- WHAT YOU ARE ASKED TO DO: Write the records out again exactly, leaving no images in.

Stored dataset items
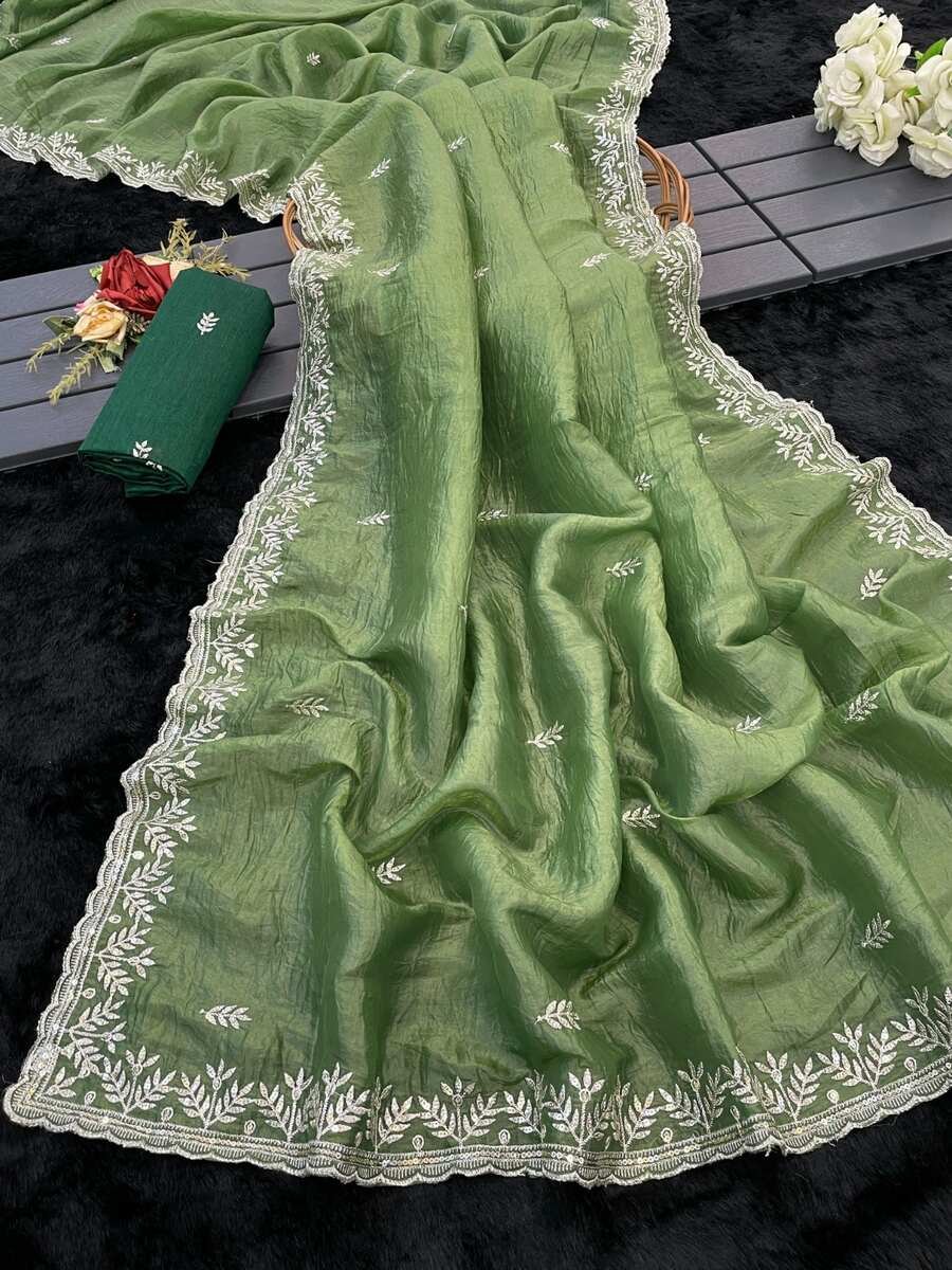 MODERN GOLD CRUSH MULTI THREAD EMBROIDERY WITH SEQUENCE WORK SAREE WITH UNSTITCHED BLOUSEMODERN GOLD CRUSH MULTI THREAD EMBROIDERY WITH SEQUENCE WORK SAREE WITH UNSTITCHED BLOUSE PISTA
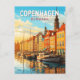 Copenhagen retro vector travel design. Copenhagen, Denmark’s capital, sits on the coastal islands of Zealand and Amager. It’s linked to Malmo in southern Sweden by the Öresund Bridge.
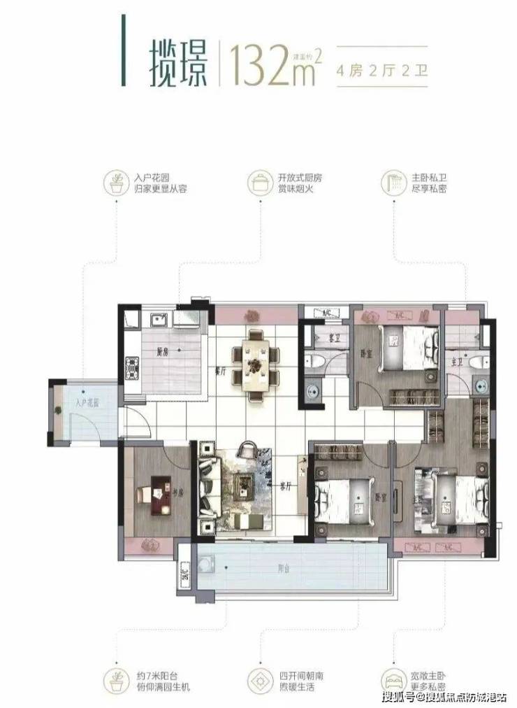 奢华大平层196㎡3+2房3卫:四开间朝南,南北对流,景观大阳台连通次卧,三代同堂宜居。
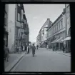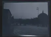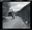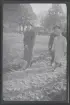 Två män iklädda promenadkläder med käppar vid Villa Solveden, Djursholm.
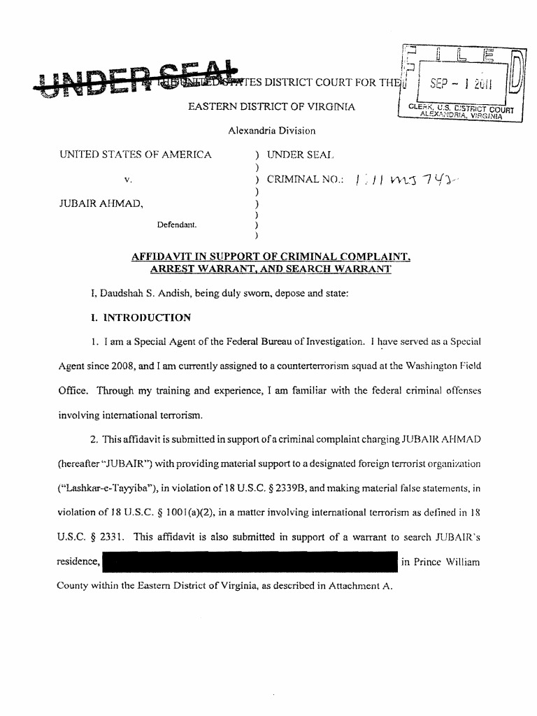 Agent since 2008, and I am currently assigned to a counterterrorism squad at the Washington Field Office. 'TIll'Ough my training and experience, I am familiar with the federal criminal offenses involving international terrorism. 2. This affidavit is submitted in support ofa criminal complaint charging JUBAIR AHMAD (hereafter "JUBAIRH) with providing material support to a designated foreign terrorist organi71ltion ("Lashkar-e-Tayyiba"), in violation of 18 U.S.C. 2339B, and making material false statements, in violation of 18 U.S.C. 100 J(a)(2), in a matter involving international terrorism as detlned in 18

- EXERCISE SOLUTION:
 MODERN GOLD CRUSH MULTI THREAD EMBROIDERY WITH SEQUENCE WORK SAREE WITH UNSTITCHED BLOUSEMODERN GOLD CRUSH MULTI THREAD EMBROIDERY WITH SEQUENCE WORK SAREE WITH UNSTITCHED BLOUSE PISTA
 Copenhagen retro vector travel design. Copenhagen, Denmark’s capital, sits on the coastal islands of Zealand and Amager. It’s linked to Malmo in southern Sweden by the Öresund Bridge.
 奢华大平层196㎡3+2房3卫:四开间朝南,南北对流,景观大阳台连通次卧,三代同堂宜居。
 Två män iklädda promenadkläder med käppar vid Villa Solveden, Djursholm.
 Agent since 2008, and I am currently assigned to a counterterrorism squad at the Washington Field Office. 'TIll'Ough my training and experience, I am familiar with the federal criminal offenses involving international terrorism. 2. This affidavit is submitted in support ofa criminal complaint charging JUBAIR AHMAD (hereafter "JUBAIRH) with providing material support to a designated foreign terrorist organi71ltion ("Lashkar-e-Tayyiba"), in violation of 18 U.S.C. 2339B, and making material false statements, in violation of 18 U.S.C. 100 J(a)(2), in a matter involving international terrorism as detlned in 18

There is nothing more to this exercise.